I have been with my husband for 10 years, 6 of them married. I had a 2 son when we met. My son is mixed, half black and half white. Well lately my husband has begun using the n**ger word lately and I have asked him several times to stop. I have warned him not to say it in front of my 11 year old son or our 5 year daughter. His total lack of respect seems to be getting worse. Today my husband wanted me to hear a song he received from someone else in front of my husbands best friend and that friends brother. It sang about how could any respectful women sleep with a n**ger. I was so embarassed and hurt. I told him in front of everybody that it is not a cute song and I cannot believe he would think I would enjoy that. I love my husband to no end and he was never like this until a few months ago. His father even has a best friend that is black that he calls uncle. I cannot subject my kids to this ignorance any further but do not want to lose him either. Help!


----------



## Country Girl (Apr 19, 2009)

Yep, I agree with you; this is unacceptable behavior. Any idea what caused him to change recently? I really have no advice other than to maybe have a talk with him. Let him know how much that term hurts others. We are all God's children and the color of our skin makes no difference.


----------



## preso (May 1, 2009)

reddhead said:


> I have been with my husband for 10 years, 6 of them married. I had a 2 son when we met. My son is mixed, half black and half white. Well lately my husband has begun using the n**ger word lately and I have asked him several times to stop. I have warned him not to say it in front of my 11 year old son or our 5 year daughter. His total lack of respect seems to be getting worse. Today my husband wanted me to hear a song he received from someone else in front of my husbands best friend and that friends brother. It sang about how could any respectful women sleep with a n**ger. I was so embarassed and hurt. I told him in front of everybody that it is not a cute song and I cannot believe he would think I would enjoy that. I love my husband to no end and he was never like this until a few months ago. His father even has a best friend that is black that he calls uncle. I cannot subject my kids to this ignorance any further but do not want to lose him either. Help!

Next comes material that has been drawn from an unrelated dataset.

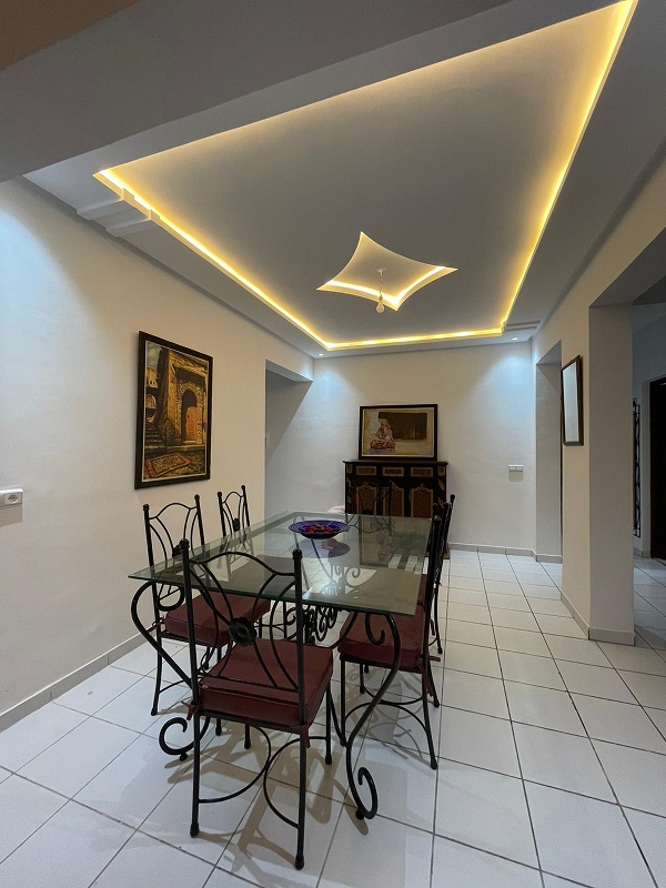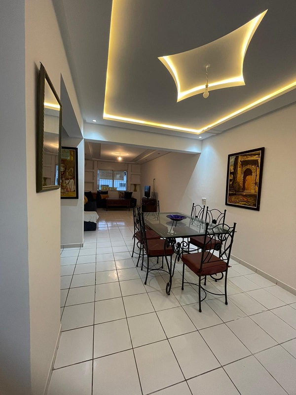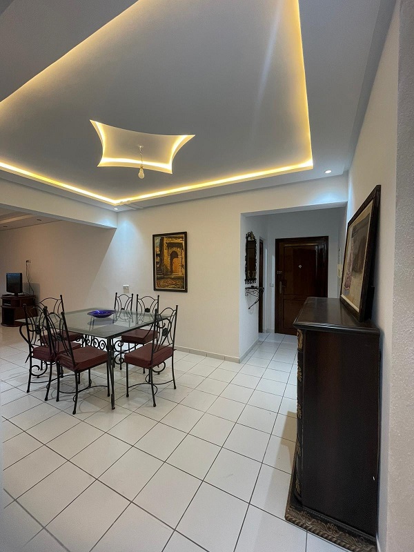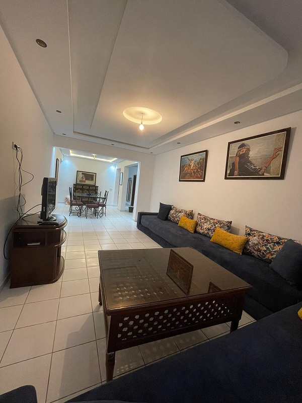 Bel appartement propre, en location longue durée, meublé et équipé d’une superficie de 118m², composé de 3 chambres à coucher avec placards, un salon, coin salle à manger, 2 sdb , une cuisine équipée , résidence familiale et sécurisée, proche de toutes commodités, commerces, transports…….. plage
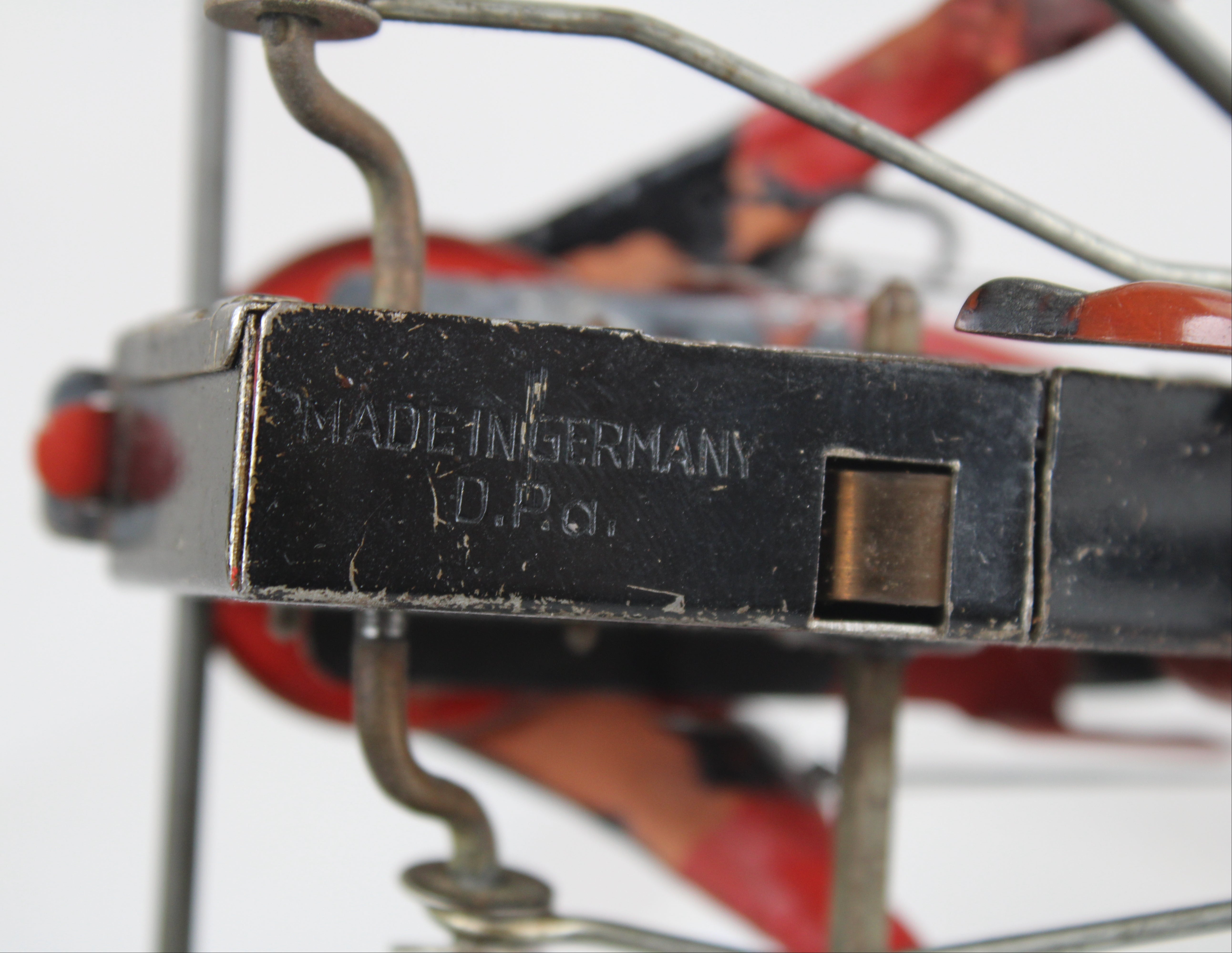 The 6-1/2" long piece moves like new when wound. The jockey is still holding the reins and his whip is present.

Funny how blacks will call each other ******, but if a white person does, its "ignornat... haha
well, heres the thing, your husband has some anger at you or your son and this is how he sees he can most hurt you or him.
Like most things, ignoring rather than feeding into his behavior, and talking to him about it when your both calm is the best way to go.


----------



## reddhead (May 23, 2009)

Well my husband is mexican but I do not agree even if he was black to use that word. I wish I knew what happened that would make him start lashing out in this hateful way. I tried talking to him and he said he thought I would think it was funny to hear that song. He didn't expect me to have a fit over it and get mad. Am I overreacting to this. Is it unreasonable to expect the person who says he loves you to stop this or atleast make an attempt to stop.


----------



## MarkTwain (Aug 1, 2008)

I am of mixed race due to "one thing and another"  I'm immune to all the name calling - for every person that dislikes a certain race, there's another who favours it.


----------